Data shown.
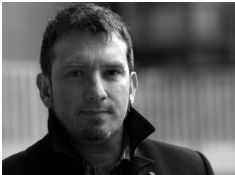
Matrikula egiteko eta informazio gehiago: www.ueu.org

bertsoak > izena eman daiteke Bertsolandegian parte hartzeko
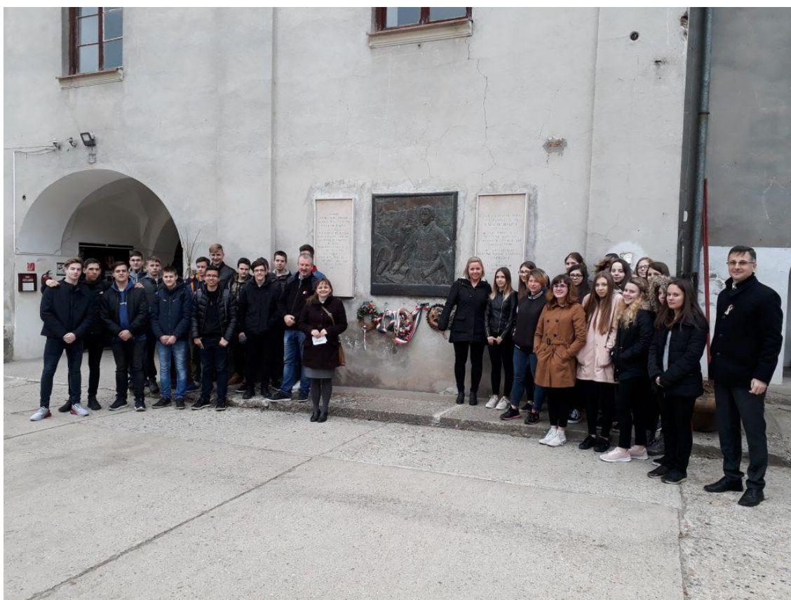
2019. március 18. Az ipolysági és aszódi diákok közös várlátogatása Szlovákiában
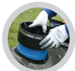
Muffenhülse in die EPDM - Muffe einsetzen
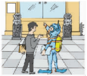
▲——你到这里办事为何如此打扮? ——听说这里潜规则的“水”太深。
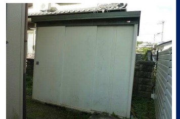
外観 利便性・陽当りに恵まれた立地 朝陽が差し込む快適な生活環境 居心地の良い住まいを♪ 敷地面積約79坪 建物面積約46坪
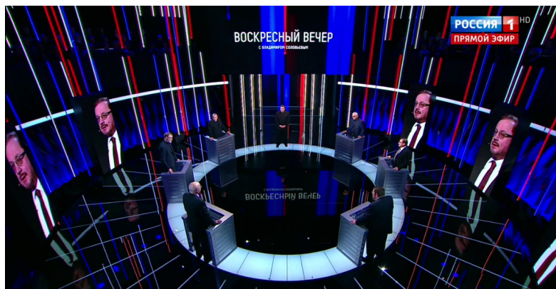
Илл. 11. Скриншот телевизионного кадра из программы «Воскресный вечер с Владимиром Соловьевым». Россия 1 HD

екции геометрически линия представляется в виде точки. В мизансцене такая трансформация возможна при наблюдении исходящего луча к объективу телекамеры под прямым углом.
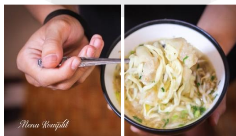
Gambar Halaman Kategori Isi
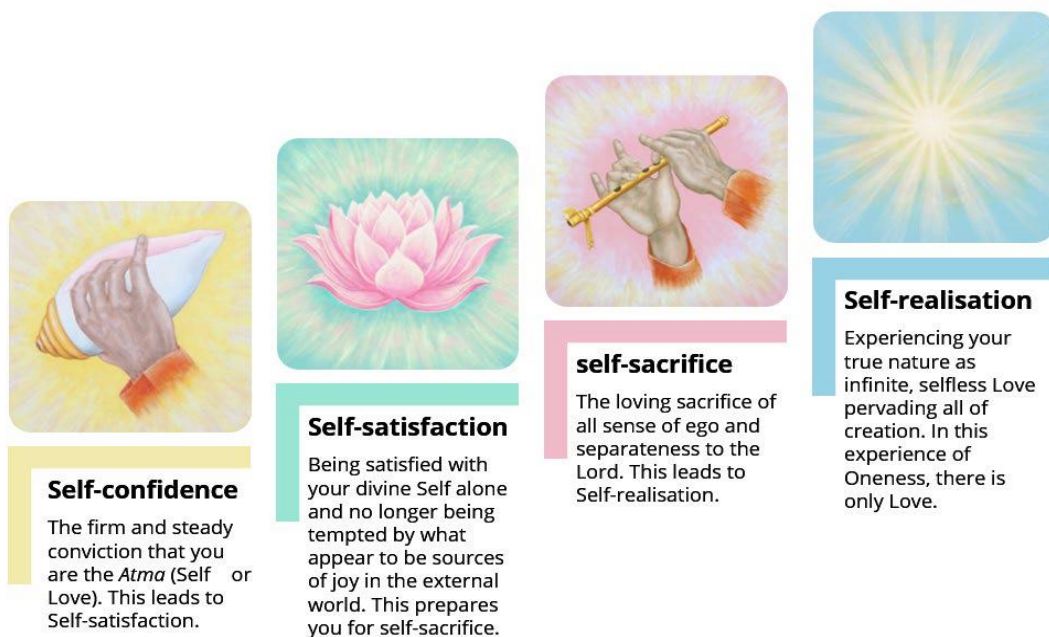
Figuur 1. Sathya Sai Baba's stappen naar Zelfbewustwording

Zelfvertrouwen - De ferme en standvastige overtuiging dat je het Zelf of liefde ( Atma ) bent. Dit leidt tot Zelfvoldoening.
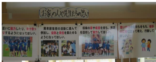
【写真②：学級活動(3)との関連】
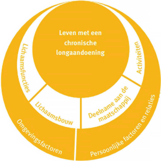
Figuur 1: ICF-model International Classification of Functioning: het model van het menselijk functioneren ontwikkeld door WHO World Health Organization
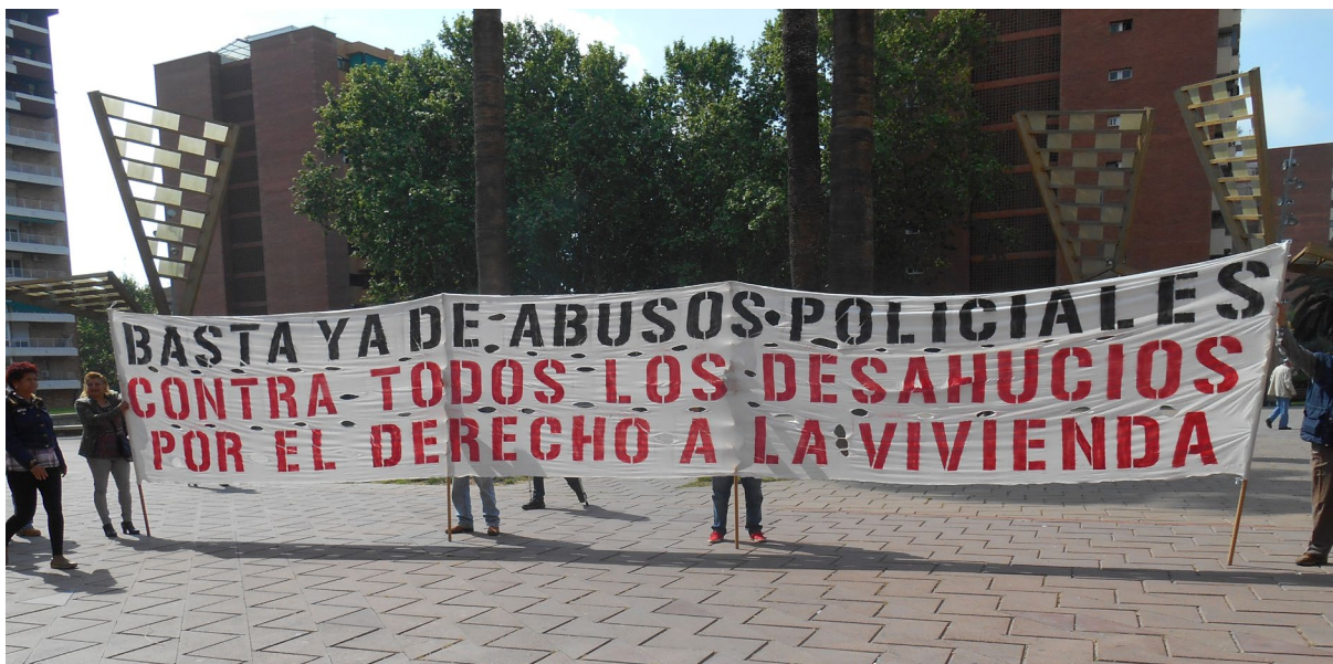
ASSOCIACIÓ DE VEÏNS DE CIUTAT MERIDIANA

Un segon element narratiu que apareix en bona part dels discursos extremistes pretén reforçar la idea que vivim en una situació d'inseguretat . Amb una predilecció gens casual per vincular els problemes de seguretat amb les migracions i constituint així un pol d'emissió de discursos d'incitació a l'odi, els arguments engrandeixen els casos de delinqüència i tendeixen a equiparar discursivament la conjuntura actual a una situació de risc i un punt de no retorn. En aquest sentit, els esforços per difondre totes les notícies de successos que tenen a veure amb l'incivisme, els delictes sexuals, les baralles, el tràfic de drogues, els robatoris i els atracaments seran tan elevats com els que es destinaran a relacionar cadascuna d'elles amb el fenomen migratori. De manera paral·lela, tot i que no menys important, tractant-se de l'habitatge un tema cabdal a Torre Baró, Ciutat Meridiana i Trinitat Nova, també podríem incloure aquí les narratives al voltant de l'okupació. En efecte, sense gairebé fonament polític, s'assenyala les okupacions com a principal causa de l'encariment del preu de l'habitatge, i es promou la por envers el petit propietari difonent la idea que li poden sostraure el seu pis. De nou, es torna a insistir amb la vinculació de la problemàtica de l'okupació amb les comunitats migrades.
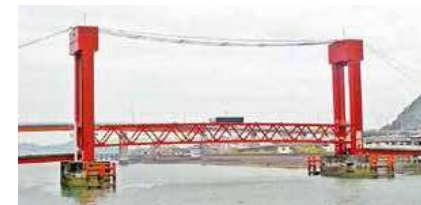
▲②瀬戸歩道橋（本渡）※風速15m/sで通行止め
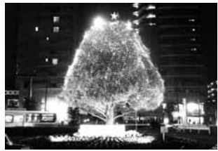
稲城駅南側ロータリーのクスノキ
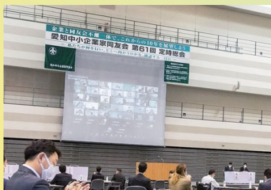
総会当日 300 名がオンライン参加
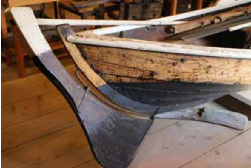
Árabátur, árgangur 1915-1916, skutur.
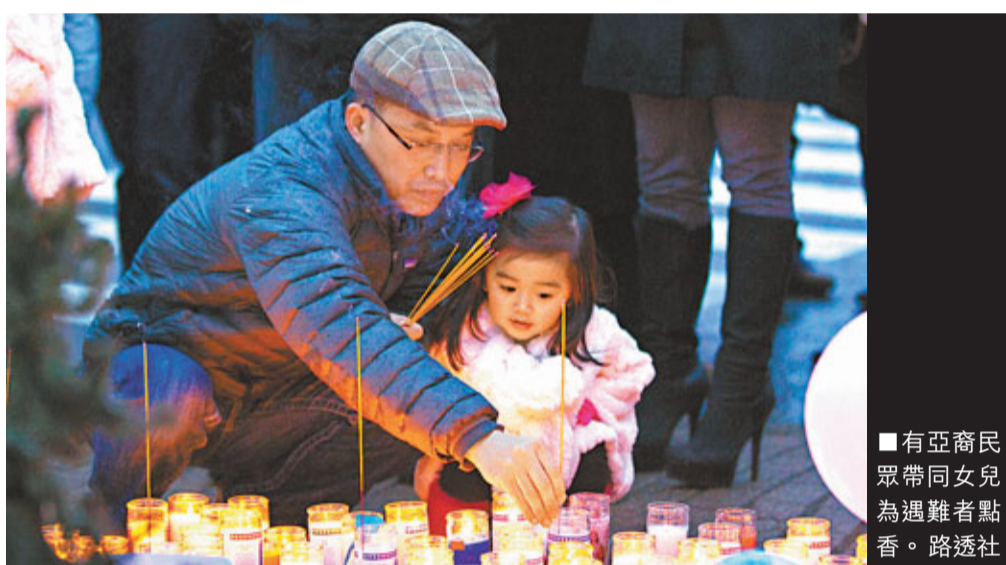
■有亞裔民眾帶同女兒為遇難者點香。

What the task asks.
Verbatim transcription needed, from the opening line of the entries above through the line containing "ASSOCIACIÓ DE VEÏNS DE CIUTAT MERIDIANA"; pictures do not belong in it.

Reply to the exercise.
Matrikula egiteko eta informazio gehiago: www.ueu.org

bertsoak > izena eman daiteke Bertsolandegian parte hartzeko
2019. március 18. Az ipolysági és aszódi diákok közös várlátogatása Szlovákiában
Muffenhülse in die EPDM - Muffe einsetzen
▲——你到这里办事为何如此打扮? ——听说这里潜规则的“水”太深。
外観 利便性・陽当りに恵まれた立地 朝陽が差し込む快適な生活環境 居心地の良い住まいを♪ 敷地面積約79坪 建物面積約46坪
Илл. 11. Скриншот телевизионного кадра из программы «Воскресный вечер с Владимиром Соловьевым». Россия 1 HD

екции геометрически линия представляется в виде точки. В мизансцене такая трансформация возможна при наблюдении исходящего луча к объективу телекамеры под прямым углом.
Gambar Halaman Kategori Isi
Figuur 1. Sathya Sai Baba's stappen naar Zelfbewustwording

Zelfvertrouwen - De ferme en standvastige overtuiging dat je het Zelf of liefde ( Atma ) bent. Dit leidt tot Zelfvoldoening.
【写真②：学級活動(3)との関連】
Figuur 1: ICF-model International Classification of Functioning: het model van het menselijk functioneren ontwikkeld door WHO World Health Organization
ASSOCIACIÓ DE VEÏNS DE CIUTAT MERIDIANA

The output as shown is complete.